The group, which calls itself Integrity Uganda after a similar American organization, generated days of sensational headlines in the local press. The group receives support from its US counterpart, fueling accusations that Americans are employing Kasirye and Senyonjo to promote homosexuality here.
Senyonjo, a short, stout man with a cheerful demeanor, has an office in a small Kampala storefront modestly decorated with the customary lone framed portrait of the president. Forbidden from officiating at routine church functions, he now devotes his time to running a volunteer counseling service for "youths, singles, marrieds, and marriage matching," according to a sign outside the door.
Senyonjo says young Ugandans often come to him lonely and scared in a culture in which sex is not traditionally discussed. On such matters, he disagrees with his church's literal reading of the Bible.
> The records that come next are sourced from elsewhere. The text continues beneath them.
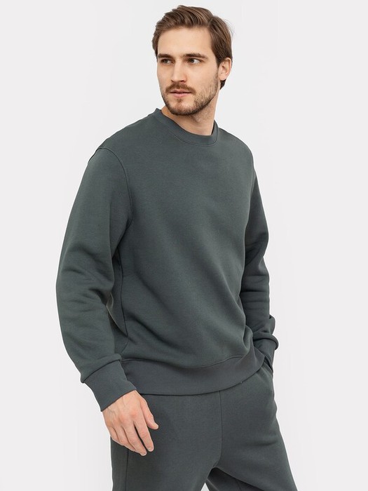 Джемпер из трикотажного футера с теплым подчесом. Длина до середины бедер, силуэт прямой. Линия плеча спущена. Рукава длинные, с притачными манжетами.  Горловина круглой формы. Отличный выриант для стильных городских образов!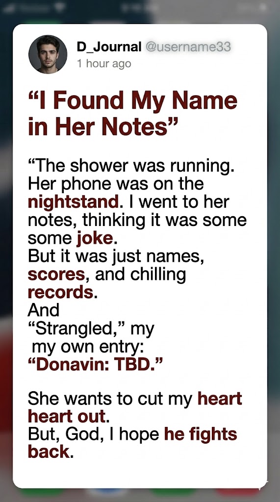 There was only one note saved, titled “Names and Ratings.” My stomach dropped as I opened it. At first I thought it was some kind of joke or weird list, but the more I read, the colder my body felt. Each name had a rating beside it, followed by chilling descriptions of how they died. Some had their throats cut. One had been strangled. Another had been decapitated. These weren’t jokes or fantasies—they were written like records. Like someone keeping score.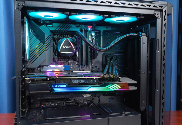 以下、今回作成したゲーミングPCのビルドギャラリーです。ARGB LEDイルミネーションに対応したXPG製PCパーツを組み合わせれば、ゲーミングPCを鮮やかにライトアップできます。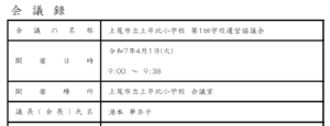 以下は、今年4月1日の上平北小の第1回学校運営協議会の会議録です。

"As Christians, we are supposed to cater for people who are different - that they should not be neglected," he says. "These people are real. You can't just convert them to something they are not."
Nor is Senyonjo completely alone in his views. Earlier this month, one of the continent's senior churchmen, Winston Njongonkulu Ndungane, the archbishop of Cape Town, South Africa, criticized his colleagues for focusing their attention on the issue at a cost of neglecting more dire problems facing Africa, such as war and AIDS. "We are not defined by our sexuality," he said.
The rift has caused so much turmoil in the church that the Archbishop of Canterbury, Rowan Williams, has called a meeting with other Anglican leaders this month in London to discuss it. African church leaders met last month in Nairobi, Kenya, to formulate a unified stance. There is talk of trying to convince Archbishop Williams to allow a separate, conservative Anglican province in North America, which would compete with more liberal Episcopal Church.
After the Episcopal Church confirmed Gene Robinson as its first openly gay bishop in August, some US church members also threatened to break from their denomination. Church conservatives in the US will meet in Dallas this week to discuss what's next. Over the weekend, Williams met with the pope, who expressed concern over the confirmation decision, saying that divisions over homosexuality threaten to damage Catholic-Anglican relations.
African church leaders have voiced support for the idea of a separate American church. Nkoyoyo, for one, says African Anglicans who go the US often feel more comfortable worshipping with Pentecostals and Baptists, whose evangelical brand of Christianity feels closer to their own faith.
African archbishops also worry about losing converts to the burgeoning evangelical movement, as well as Islam, which has long made the case that the Christian West is decadent and sexually irresponsible. "If the Anglican Communion accepted gay bishops or approved gay unions, that would offer an enormous propaganda victory for Muslims," says Philip Jenkins, a professor of history and religious studies at Penn State University.
The Anglican Church has a strong tradition of not meddling in one another's provinces or diocese. But Mr. Jenkins and others agree that views on this issue are likely to harden rather than soften as the West is forced to reckon with the increasingly influential developing-world church.
"Sexuality issues have come to be a symbolic means of declaring the independence of rising African churches against Western cultural and religious imperialism," he says.